PATIENTS AND METHODS

The study group comprised 400 asymptomatic volunteers, enrolled from April 1, 2011, to September 30, 2012, without known coronary artery disease who were self-referred for screening noncontrast computed tomography to determine coronary calcium score (CCS). Computed tomographic images were used to determine the presence of hepatic steatosis. An a priori model was created to predict a CCS of 100 Agatston units (AU) or higher on the basis of Framingham risk factors, diabetes mellitus, and metabolic syndrome. Hepatic steatosis was then added to this model. Computation of the odds ratio (OR) for hepatic steatosis predicting a CCS of 100 AU or higher was performed. Finally, the OR for a CCS of 100 AU or higher being associated with hepatic steatosis was calculated.

RESULTS

When hepatic steatosis was added to traditional coronary risk factors, it was independently associated with a CCS of 100 AU or higher (OR, 2.85). This was greater than the OR of Framingham factors, diabetes mellitus, or metabolic syndrome. A CCS of 100 AU or higher was independently associated with an increased risk for hepatic steatosis (OR, 2.4). This OR was higher than traditional hepatic steatosis risk factors or metabolic syndrome.

CONCLUSION

Hepatic steatosis is a strong independent predictor of a CCS of 100 AU or higher in asymptomatic patients. It is associated with an increased risk of coronary artery disease beyond that expected from traditional coronary risk factors and/or metabolic syndrome. Additional studies are needed to clarify the role of hepatic steatosis as a possible independent risk factor for the development of coronary artery disease.

摘要

目的

确定无症状志愿者的冠状动脉钙化与肝脂肪变性之间的关联。

患者和方法

研究组包括 2011 年 4 月 1 日至 2012 年 9 月 30 日期间招募的 400 名无症状志愿者,这些志愿者自行进行非对比计算机断层扫描(CT)筛查以确定冠状动脉钙评分(CCS)。
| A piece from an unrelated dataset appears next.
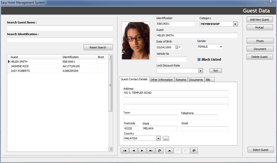 Easy Hotel Management System (property management software) is written for small hotel operations such as motels, budget hotels, bed and breakfast and Inn’s. Developed by GeniSoftware based in Melaka, Malaysia. This software is designed to be easy to use and can be installed easily.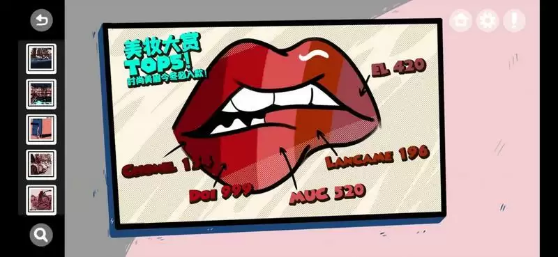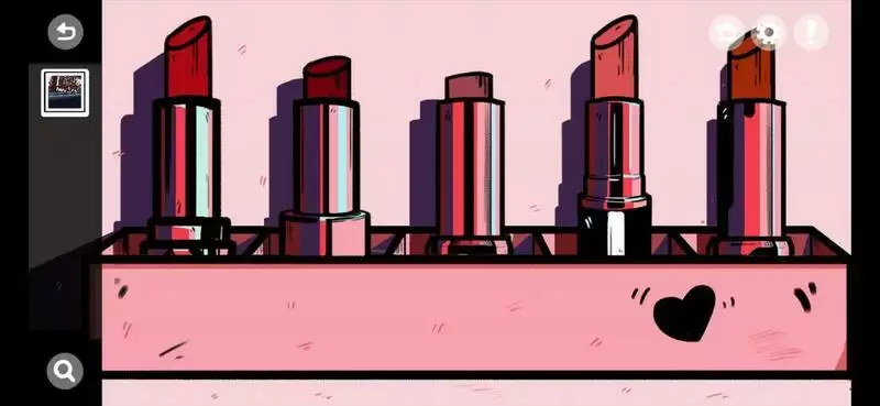 5、点击化妆台上的口红打开口红盖后发现最短的两根口红再与墙上的色号进行比对得到420154;

使用 CT 图像确定肝脂肪变性的存在。根据弗雷明汉危险因素、糖尿病和代谢综合征,建立了一个预测 CCS 为 100 个阿加斯顿单位(AU)或更高的模型。然后将肝脂肪变性添加到该模型中。计算肝脂肪变性预测 CCS 为 100 AU 或更高的优势比(OR)。最后,计算 CCS 为 100 AU 或更高与肝脂肪变性相关的 OR。

结果

当将肝脂肪变性添加到传统的冠状动脉危险因素中时,它与 CCS 为 100 AU 或更高独立相关(OR,2.85)。这大于弗雷明汉因素、糖尿病或代谢综合征的 OR。CCS 为 100 AU 或更高与肝脂肪变性的风险增加独立相关(OR,2.4)。该 OR 高于传统的肝脂肪变性危险因素或代谢综合征。

结论

肝脂肪变性是无症状患者 CCS 为 100 AU 或更高的强烈独立预测因素。它与冠状动脉疾病的风险增加有关,超过了传统的冠状动脉危险因素和/或代谢综合征的预期。需要进一步研究以阐明肝脂肪变性作为冠状动脉疾病发展的可能独立危险因素的作用。